Quando você vai a um restaurante, bar, balada ou até mesmo na mercearia do vizinho e pede uma Coca-Cola Light, imagina a estratégia da empresa para fazer você comprar esse produto? Pois é, dificilmente. O que você procura é matar a sede e nada mais. Porém a Coca-Cola está disposta a aumentar a participação dos produtos lights da marca no faturamento da companhia no País. São oito produtos, incluindo a linha de chás Nestea. Até agora apenas 10% do que a Coca-Cola fatura está atrelado aos produtos light.

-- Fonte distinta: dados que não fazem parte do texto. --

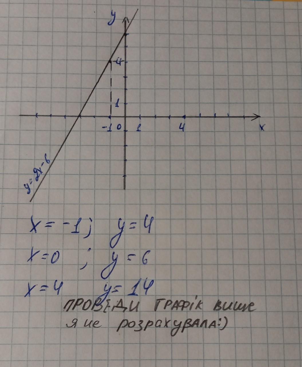 побудуйте графік функції y=2x-6. користуючись графіком знайдіть; значення функції якщо значення аргументу дорівнює 4, -1, 0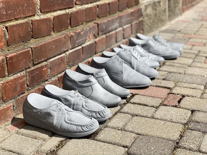 Vides mākslas darba autori mākslinieki Krista un Reinis Dzudzilo atklāj: ""viens deviņi četri viens ceļš" mērķis ir ievietot ebrejus atpakaļ tagadnē, vēsturē un Cēsu ikdienas dzīvē, ļaujot viņu piemiņai atgriezties pie savām kādreizējām mājām. Darbu veido betona skulptūras. Tās ir novietotas dažādās Cēsu pilsētas ielās, kur pirms holokausta dzīvoja ebreji. Par katras skulptūras prototipu ir kļuvis tagadnē dzīvojoša cēsnieka ziedots apavu pāris. Katra cilvēka apavu ziedošana ir solidarizēšanās ar cietušajiem. Apavi ir ne tikai zīme, kura apzīmē kāda prombūtni, jo ir tukši, bet tie vienlaicīgi liek domāt par klātbūtni, jo ierodoties mājās, noaujam savus apavus. Esi sveicināts, aizmirstais!"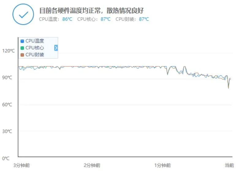 从鲁大师的温度显示上,我们可以看到,在游戏运行期间,温度基本一直维持在90℃以上。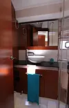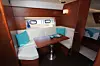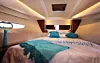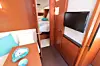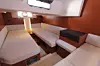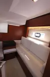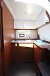 Nedunder venter positive overraskelser. Båten er 38 fot, men plassutnyttelsen her en god. På styrbord side når vi kommer ned leideren er byssa som vi har vært inne på. På babord side er en innbydende salong med lyse tekstiler i kirsebærtrepreget interiør. Forkabinen har en grei dobbelkøye med tilgang til et bad med do, vask og dusjmuligheter. Men båten har også en akterkabin med to enkeltkøyer og en sofabenk.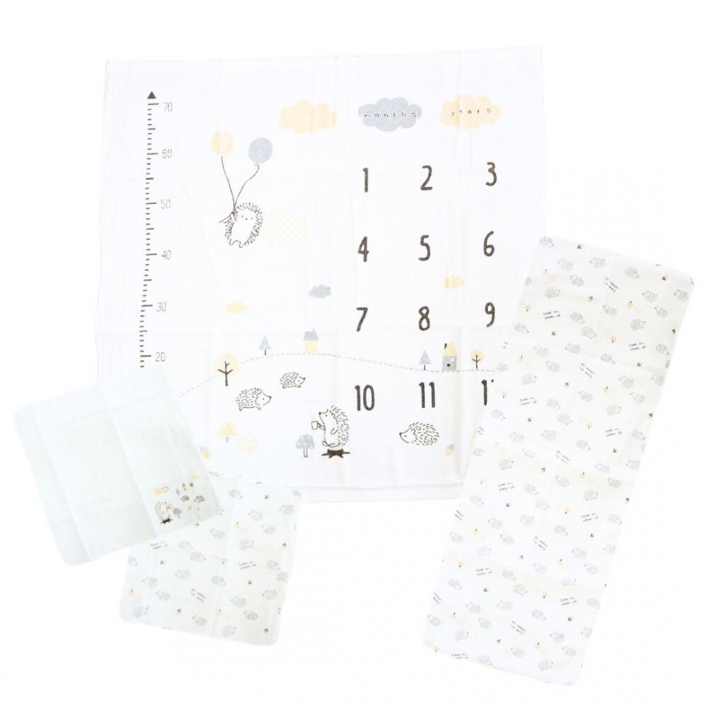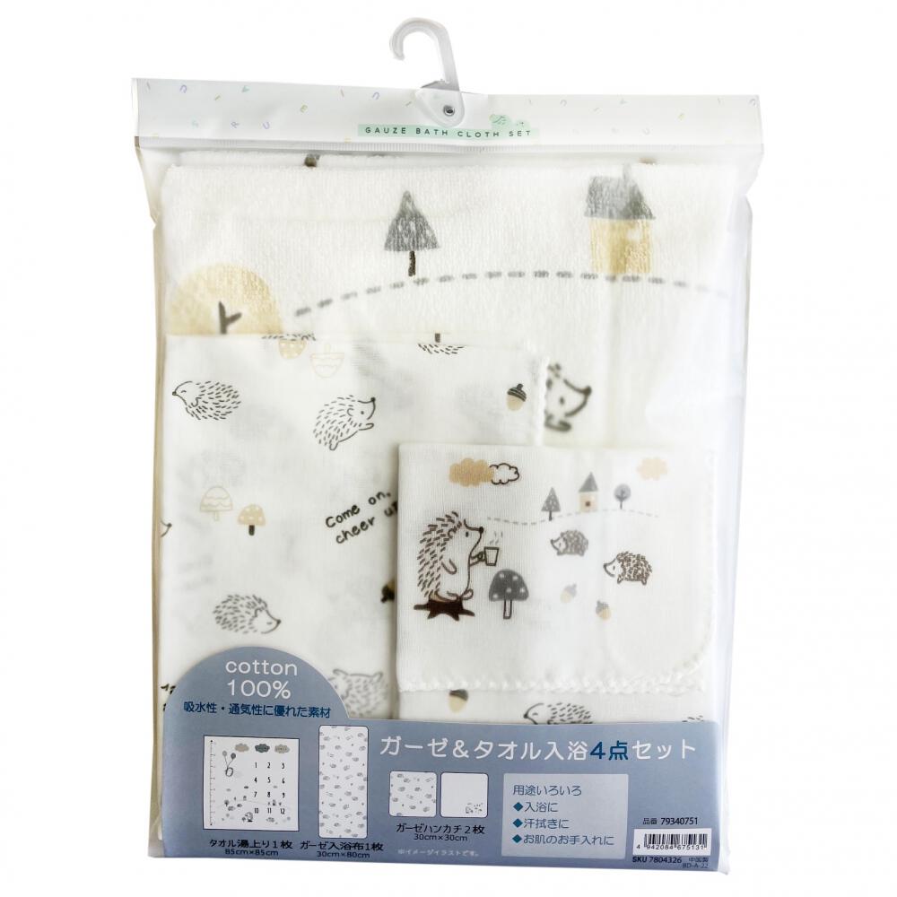 タオル&ガーゼ浴用4点セットはりねずみ柄(はりねずみ×フリー)ベビーザらス限定

Então não se surpreenda quando ligar a TV ou ir ao cinema e der de cara com uma propaganda nova, elaborada exatamente para aumentar a visibilidade desses produtos. A Coca-Cola lançará na quarta-feira, 13 de julho, campanha com o slogan Calorias de Menos, Sabor de Mais, produzida no Brasil. Para a Coca-Cola não há porque fazer uma campanha específica para cada produto. "A campanha ajuda o consumidor a saber qual a linha completa de produtos light e alavanca as vendas de todo o portifólio" -- afirmou a diretora de marketing da Coca-Cola do Brasil, Mônica Horcades, em entrevista ao Valor Econômio na edição de 12 de julho.

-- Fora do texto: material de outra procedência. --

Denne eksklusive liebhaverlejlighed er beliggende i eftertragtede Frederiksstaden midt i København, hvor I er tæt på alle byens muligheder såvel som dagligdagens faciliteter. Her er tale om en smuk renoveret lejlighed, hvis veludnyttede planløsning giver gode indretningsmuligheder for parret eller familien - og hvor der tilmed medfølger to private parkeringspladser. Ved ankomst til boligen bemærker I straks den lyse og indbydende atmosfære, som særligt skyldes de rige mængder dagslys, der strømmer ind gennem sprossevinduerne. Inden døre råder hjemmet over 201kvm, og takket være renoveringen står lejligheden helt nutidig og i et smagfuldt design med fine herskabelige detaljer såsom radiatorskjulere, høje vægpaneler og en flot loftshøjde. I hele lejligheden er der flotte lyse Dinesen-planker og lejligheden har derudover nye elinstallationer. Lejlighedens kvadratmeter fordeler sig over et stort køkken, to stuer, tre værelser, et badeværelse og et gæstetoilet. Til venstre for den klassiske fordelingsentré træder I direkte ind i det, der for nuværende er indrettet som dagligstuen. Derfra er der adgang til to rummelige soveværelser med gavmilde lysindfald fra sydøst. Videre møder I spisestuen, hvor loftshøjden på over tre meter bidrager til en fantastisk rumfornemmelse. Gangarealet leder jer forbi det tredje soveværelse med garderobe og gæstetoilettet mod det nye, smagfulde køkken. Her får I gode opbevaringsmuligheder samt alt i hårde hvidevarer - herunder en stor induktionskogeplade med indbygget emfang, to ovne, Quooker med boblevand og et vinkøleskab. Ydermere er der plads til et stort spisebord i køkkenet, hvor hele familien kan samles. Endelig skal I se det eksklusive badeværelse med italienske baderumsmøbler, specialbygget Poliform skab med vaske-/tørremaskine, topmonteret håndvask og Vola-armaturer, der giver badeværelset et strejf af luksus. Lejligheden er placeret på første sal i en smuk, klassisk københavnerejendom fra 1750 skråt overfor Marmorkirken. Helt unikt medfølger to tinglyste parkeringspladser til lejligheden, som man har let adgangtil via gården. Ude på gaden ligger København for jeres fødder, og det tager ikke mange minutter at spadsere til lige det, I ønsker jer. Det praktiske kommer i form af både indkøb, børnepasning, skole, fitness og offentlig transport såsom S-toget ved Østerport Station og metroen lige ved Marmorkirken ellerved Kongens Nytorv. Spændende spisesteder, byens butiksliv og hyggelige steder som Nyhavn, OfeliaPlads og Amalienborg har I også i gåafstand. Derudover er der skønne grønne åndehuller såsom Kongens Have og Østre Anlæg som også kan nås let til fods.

Números -- Quem constuma procurar por um refrigerante light para molhar a guela está incluso em público de alta renda. Os dados da matéria são da A/C Nielsen. A Coca-Cola é dona de 53,3% do setor de refrigerantes no País. Ambev 16,4% com marcar como Guaraná Antarctica e Pepsi, entre outros. 30,2% fica com o restante das empresas de refrigerantes. Pesquisa de maio de 2005.

Aquisição -- A Coca-Cola ainda não fez barulho sobre aquisição que está prestes a ser concluída. A companhia está de olho na Suco Mais, com sede em Linhares, no Espírito Santo, faturou R$ 65 milhões no ano passado e é a segunda colocada do setor com participação de 12% no mercado. Atrás apenas da Mexicana Del Valle com 26% do mercado. A aquisição deve ser anunciada em agosto próximo.

Fonte: matéria assinada por Daniela D´Ambrosio - Valor Econômico

Cadê a Schincariol que estava aqui?

Parece que a Schincariol não é mais a mesma, mesmo. Segundo pesquisas da Nielsen, divulgadas pelo Jornal Valor Econômico na ediçãod e 12 de julho, a Operação Cevada -- para investigar problemas fiscais da empresa com sede em Itu, no interior Paulista -- não afetou as vendas da cerveja. Porém na prática o cenário parece outro.

Nas prateleiras dos supermercados como Extra, Carrefour e Wal Mart já não se vê a cerveja com os mesmos espaços. Algumas visitas da reportagem do Jornal Valor Ecnômico perceberam que a Schincariol passou a ocupar menos gôndolas e até mesmo ficar em lugares menos visíveis. Os tablóides com ofertas de produtos também não traziam a Nova Schin como astro em nenhuma parte das pequenas publicações, sempre bem coloridas.

Mesmo assim os números da participação das cervejarias nas vendas de varejo estão aí para serem contestados:

Abril -- Ambev* 68,2% / Schincariol 12,5% / Molson*ª  8,7% /  Petrópolis 5,1%

Maio --  Ambev 68,3% / Schincariol 12,7% / Molson 8,7% /  Petrópolis 5,2%

Junho -- Ambev 67,9% / Schincariol 12,9% / Molson 8,8% /  Petrópolis 5,2%

*Ambev - Skol, Brahma, Antarctica, Bohemia, Kronenbier e Caracu

*ªMolson - Kaiser Pilsen, Kaiser Summer Draft, Xingu, Kaiser Bock, Bavaria Pilsen, Bavaria Premium

Fonte: matéria assinada por Daniela D´Ambrosio e Claudia Fachini, Jornal Valor Econômico 12/07.